_Exercise objective_
Your answer must be the exact lines of the listing below that run from the line with "縣委書記雷雨(左二)、縣長陸邦柱(左一)冒雨指揮居民轉(zhuǎn)移" to the line with "Vintage Rattan and", ends included, and no pictures.

----------------

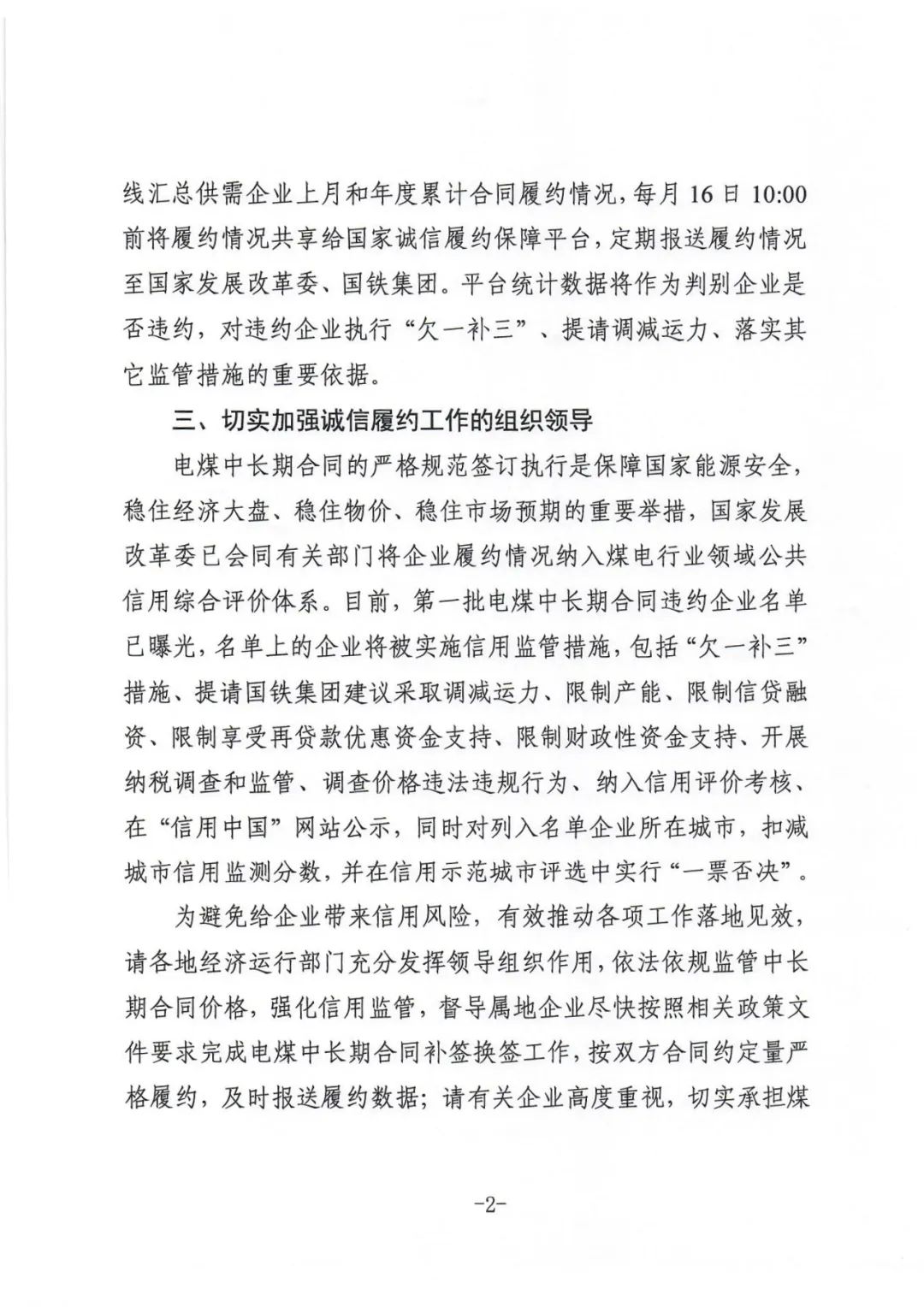 《通知》指出,各地經(jīng)濟運行部門充分發(fā)揮領(lǐng)導(dǎo)組織作用,依法依規(guī)監(jiān)管中長期合同價格,強化信用監(jiān)管,督導(dǎo)屬地企業(yè)盡快按照相關(guān)政策文件要求完成電煤中長期合同補簽換簽工作,按雙方合同約定量嚴(yán)格履約,及時報送履約數(shù)據(jù)。
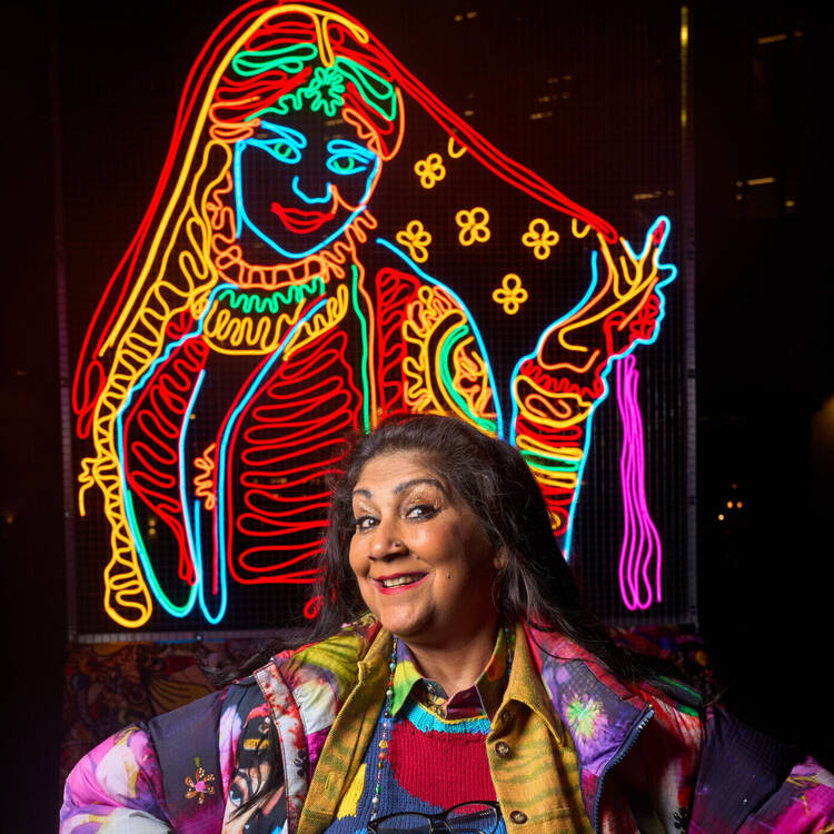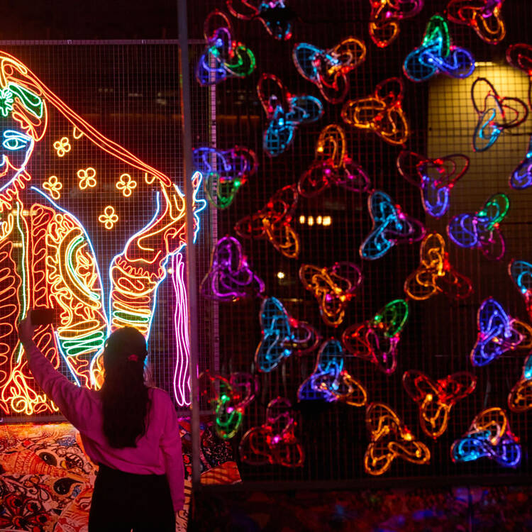 Stroll through Leicester Square Gardens and be mesmerised by the colourful neon installations from mixed media artist Chila Kumari Singh Burman MBE. Known for her bold work that explores themes of identity, gender, and culture, Burman’s new piece created for Art After Dark is a must-see.
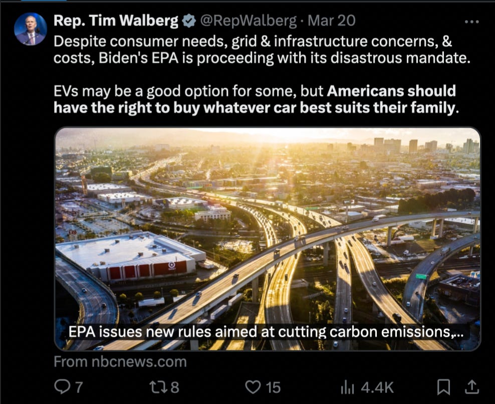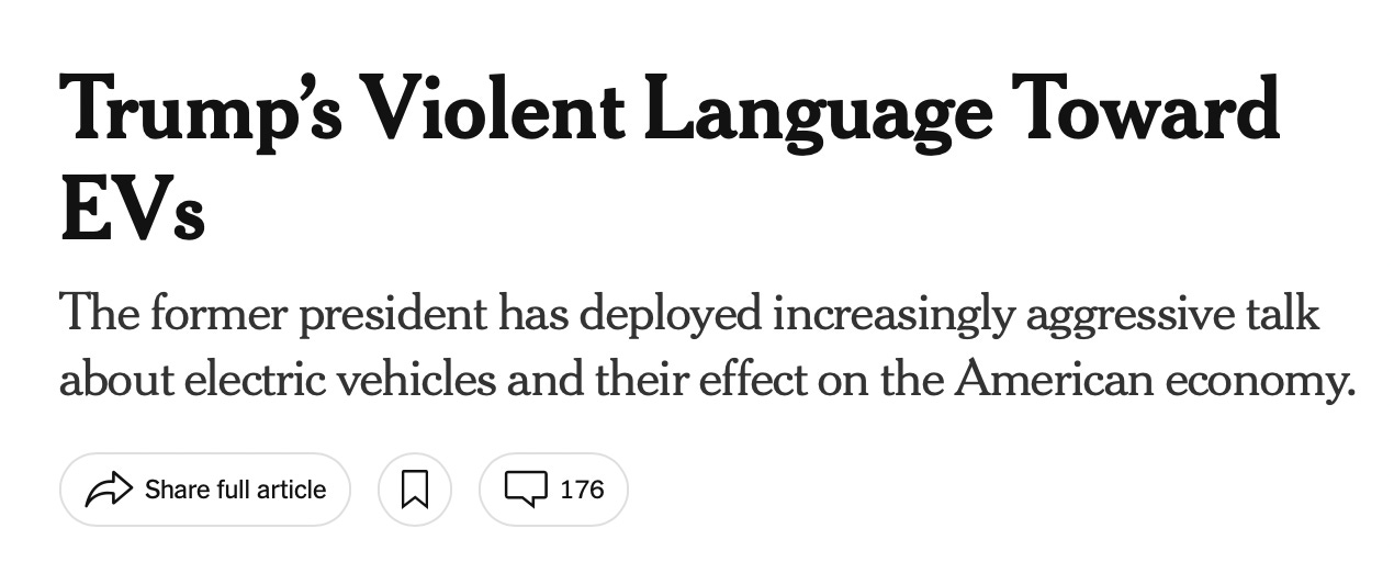 So the EV political discourse isn’t likely to die down soon, which is generally bad news for public understanding. Because political actors aren’t primarily motivated by helping you understand reality; they’re primarily motivated by inflaming or exciting you into making a certain political decision.
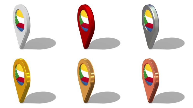 Comoros Flag 3D Location Icon Seamless Looping Rotation in Different Color, 3D Rendering, Looped Animation, Chroma key, Luma Matte Selection Free Video
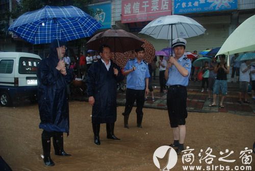 縣委書記雷雨(左二)、縣長陸邦柱(左一)冒雨指揮居民轉(zhuǎn)移
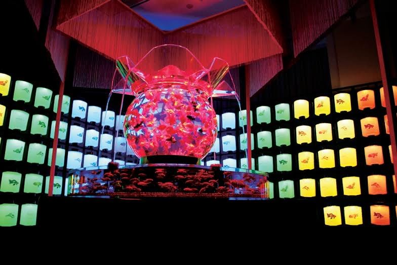 Le vasche di vetro prendono vita grazie alle danze acquatiche e sinuose del pesce rosso: quella più imponente è Oiran (cortigiana), ispirata ai quartieri di piacere del periodo Edo. Le cortigiane erano donne colte ed eleganti con interesse per l’arte, la musica e la poesia, che vivevano isolate dalla società. Oiran, realizzata con sette colori cangianti, contiene 1.000 pesci rossi, ricreando un’atmosfera affascinante e misteriosa. Un’altra installazione che riflette la tradizione nipponica è Kimonorium, ispirata all’arte manifatturiera del kimono KyoYuzen: una vasca bidimensionale con giochi di luce e proiezioni. La grande vasca Ooku, larga tre metri, evoca l’harem all’interno del Castello di Edo (architettura militare di Tokyo, città anticamente chiamata Edo): luogo d’incontri di mogli, figlie e concubine. Giyamanrium è ispirata ai diamanti e al vetro del periodo Edo, con luci e colori che fanno brillare la vasca e i pesci rossi al suo interno. I richiami dell’allestimento della mostra alla cultura giapponese sono infiniti: altre installazioni riproducono i famosi giardini giapponesi, la luce delle lanterne come nella vasca Bonborium, e i fiori di ciliegio nella vasca Sakura-rium.
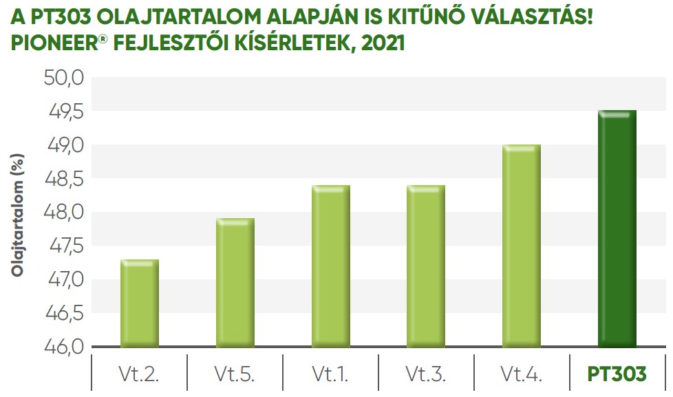 A PT303 közép-késői érésidejű, magas hibridben pedig minden benne van, ami támogatja a hatékony termelést: kimagasló termoképesség, kiváló olajtartalom és betegség elleni tolerancia.
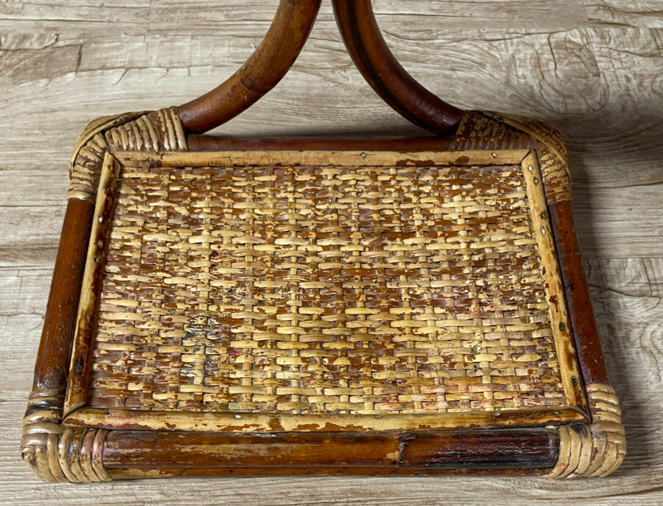 Vintage Rattan and Bamboo Table Mirror, Adjustable Decorative Mirror
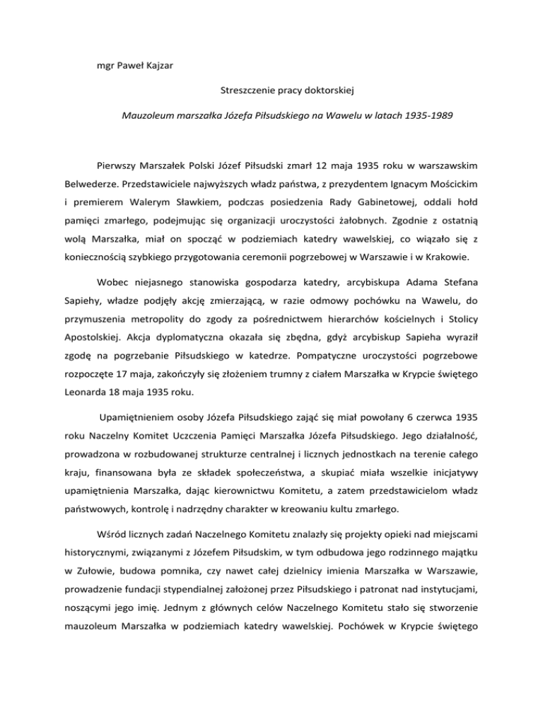 mgr Paweł Kajzar Streszczenie pracy doktorskiej Mauzoleum marszałka Józefa Piłsudskiego na Wawelu w latach 1935-1989 Pierwszy Marszałek Polski Józef Piłsudski zmarł 12 maja 1935 roku w warszawskim Belwederze. Przedstawiciele najwyższych władz państwa, z prezydentem Ignacym Mościckim i premierem Walerym Sławkiem, podczas posiedzenia Rady Gabinetowej, oddali hołd pamięci zmarłego, podejmując się organizacji uroczystości żałobnych. Zgodnie z ostatnią wolą Marszałka, miał on spocząć w podziemiach katedry wawelskiej, co wiązało się z koniecznością szybkiego przygotowania ceremonii pogrzebowej w Warszawie i w Krakowie. Wobec niejasnego stanowiska gospodarza katedry, arcybiskupa Adama Stefana Sapiehy, władze podjęły akcję zmierzającą, w razie odmowy pochówku na Wawelu, do przymuszenia metropolity do zgody za pośrednictwem hierarchów kościelnych i Stolicy Apostolskiej. Akcja dyplomatyczna okazała się zbędna, gdyż arcybiskup Sapieha wyraził zgodę na pogrzebanie Piłsudskiego w katedrze. Pompatyczne uroczystości pogrzebowe rozpoczęte 17 maja, zakończyły się złożeniem trumny z ciałem Marszałka w Krypcie świętego Leonarda 18 maja 1935 roku. Upamiętnieniem osoby Józefa Piłsudskiego zająć się miał powołany 6 czerwca 1935 roku Naczelny Komitet Uczczenia Pamięci Marszałka Józefa Piłsudskiego. Jego działalność, prowadzona w rozbudowanej strukturze centralnej i licznych jednostkach na terenie całego kraju, finansowana była ze składek społeczeństwa, a skupiać miała wszelkie inicjatywy upamiętnienia Marszałka, dając kierownictwu Komitetu, a zatem przedstawicielom władz państwowych, kontrolę i nadrzędny charakter w kreowaniu kultu zmarłego. Wśród licznych zadań Naczelnego Komitetu znalazły się projekty opieki nad miejscami historycznymi, związanymi z Józefem Piłsudskim, w tym odbudowa jego rodzinnego majątku w Zułowie, budowa pomnika, czy nawet całej dzielnicy imienia Marszałka w Warszawie, prowadzenie fundacji stypendialnej założonej przez Piłsudskiego i patronat nad instytucjami, noszącymi jego imię. Jednym z głównych celów Naczelnego Komitetu stało się stworzenie mauzoleum Marszałka w podziemiach katedry wawelskiej. Pochówek w Krypcie świętego Leonarda od początku traktowano tymczasowy. Zarówno forma grobu, jak i stan krypty wymagały szybkiego podjęcia prac przy budowie ostatecznego miejsca spoczynku Naczelnika Państwa. Po przejrzeniu różnych lokalizacji w obrębie katedry, zdecydowano o budowie mauzoleum w krypcie pod Wieżą Srebrnych Dzwonów. Miejsce to, zaakceptowane przez władze kościelne, dawało możliwość stworzenia sanktuarium, będącego scenerią dla hołdu składanego przez cały Naród osobie Marszałka. Głównym projektantem, a później kierownikiem robót budowalnych w Krypcie, został prof. Adolf Szyszko-Bohusz. Stworzył on na zlecenie Naczelnego Komitetu koncepcję adaptacji i rozbudowy romańskiej krypty, dążąc do wyeksponowania historycznego charakteru miejsca i przystosowania go do funkcji sanktuarium Marszałka. Liczne zmiany koncepcji i brak ich aprobaty ze strony władz kościelnych spowodowały opóźnienie w budowie krypty. Kompromisową akceptację uzyskał dopiero szósty wariant projektu, którego realizację rozpoczęto w lutym 1936 roku, a zakończono w marcu 1937 roku. Po ukończeniu prac Naczelny Komitet wytknął prof. Szyszko-Bohuszowi przeprowadzenie części robót bez zgody Komitetu, odmawiając ich przyjęcia. Oskarżono kierownika budowy o chęć umniejszenia czci dla Marszałka, czy nawet zmowę z władzami kościelnymi, w celu ograniczenia wpływu Naczelnego Komitetu na budowę i funkcjonowanie mauzoleum. Ostatecznie akceptacja i odbiór prac w krypcie miał miejsce dopiero 31 maja 1939 roku. W międzyczasie, na polecenie arcybiskupa Sapiehy, do ukończonej krypty przeniesiono 23 czerwca 1937 roku trumnę z ciałem Piłsudskiego. Brak zgody na przeniesienie ze strony Naczelnego Komitetu i władz państwowych doprowadził do eskalacji oskarżeń, na forum politycznym i za pośrednictwem prasy, względem arcybiskupa Sapiehy. Konflikt, zwany wawelskim, załagodził sam metropolita, oficjalnie przepraszając władze za nieuszanowanie ich woli i wyjaśniając motywy swojej decyzji. Od czasu pochówku, wpierw w Krypcie świętego Leonarda, następnie w Krypcie pod Wieżą Srebrnych Dzwonów, przy grobie Piłsudskiego gromadzili się liczni przedstawiciele władz krajowych, delegacje zagraniczne, członkowie organizacji wojskowych, cywilnych i młodzieżowych, pragnący oddać hołd Marszałkowi. Masowe nawiedzanie grobu Piłsudskiego miało charakter ogólnonarodowy, a zakończone zostało przez wybuch II wojny światowej. W czasie okupacji hitlerowskiej wzgórze wawelskie i znajdująca się na nim katedra stały się niedostępne dla Polaków. Krypta Piłsudskiego, na co dzień zamknięta, była okazjonalnie udostępniania odwiedzającym Kraków niemieckim dygnitarzom, chcącym zobaczyć grób Marszałka, którego szacunkiem darzył nawet Hitler. Po zakończeniu okupacji, mimo otwarcia Wawelu i katedry, krypta Piłsudskiego pozostała zamknięta. Nowe komunistyczne władze, dążąc do umniejszenia zasług Marszałka i powolnego wymazania go z narodowej pamięci, nie zgadzały się na udostępnienie miejsca jego kultu. Zmiana sytuacji nastała po 1956 roku. Na fali politycznej odwilży i rozluźnienia polityki historycznej udało się otworzyć kryptę Piłsudskiego dla publiczności. Było to możliwe dzięki staraniom byłych legionistów, wśród których szczególnie aktywnie działali major Józef Herzog i generał Mieczysław Boruta-Spiechowicz. Z ich inicjatywy uporządkowano wnętrze i uzupełniono jego wyposażenie w szereg tablic i pomników, upamiętniających Marszałka i jego żołnierzy. Działalność ta zwróciła uwagę władz, które licznymi przesłuchaniami i rewizjami usiłowały zdobyć dowody na „antypolską dział
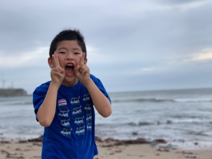 翌朝は5時から起きて海に遊びに行くと長男全開モード

----------------

_Output below_
 縣委書記雷雨(左二)、縣長陸邦柱(左一)冒雨指揮居民轉(zhuǎn)移
 Le vasche di vetro prendono vita grazie alle danze acquatiche e sinuose del pesce rosso: quella più imponente è Oiran (cortigiana), ispirata ai quartieri di piacere del periodo Edo. Le cortigiane erano donne colte ed eleganti con interesse per l’arte, la musica e la poesia, che vivevano isolate dalla società. Oiran, realizzata con sette colori cangianti, contiene 1.000 pesci rossi, ricreando un’atmosfera affascinante e misteriosa. Un’altra installazione che riflette la tradizione nipponica è Kimonorium, ispirata all’arte manifatturiera del kimono KyoYuzen: una vasca bidimensionale con giochi di luce e proiezioni. La grande vasca Ooku, larga tre metri, evoca l’harem all’interno del Castello di Edo (architettura militare di Tokyo, città anticamente chiamata Edo): luogo d’incontri di mogli, figlie e concubine. Giyamanrium è ispirata ai diamanti e al vetro del periodo Edo, con luci e colori che fanno brillare la vasca e i pesci rossi al suo interno. I richiami dell’allestimento della mostra alla cultura giapponese sono infiniti: altre installazioni riproducono i famosi giardini giapponesi, la luce delle lanterne come nella vasca Bonborium, e i fiori di ciliegio nella vasca Sakura-rium.
 A PT303 közép-késői érésidejű, magas hibridben pedig minden benne van, ami támogatja a hatékony termelést: kimagasló termoképesség, kiváló olajtartalom és betegség elleni tolerancia.
 Vintage Rattan and Bamboo Table Mirror, Adjustable Decorative Mirror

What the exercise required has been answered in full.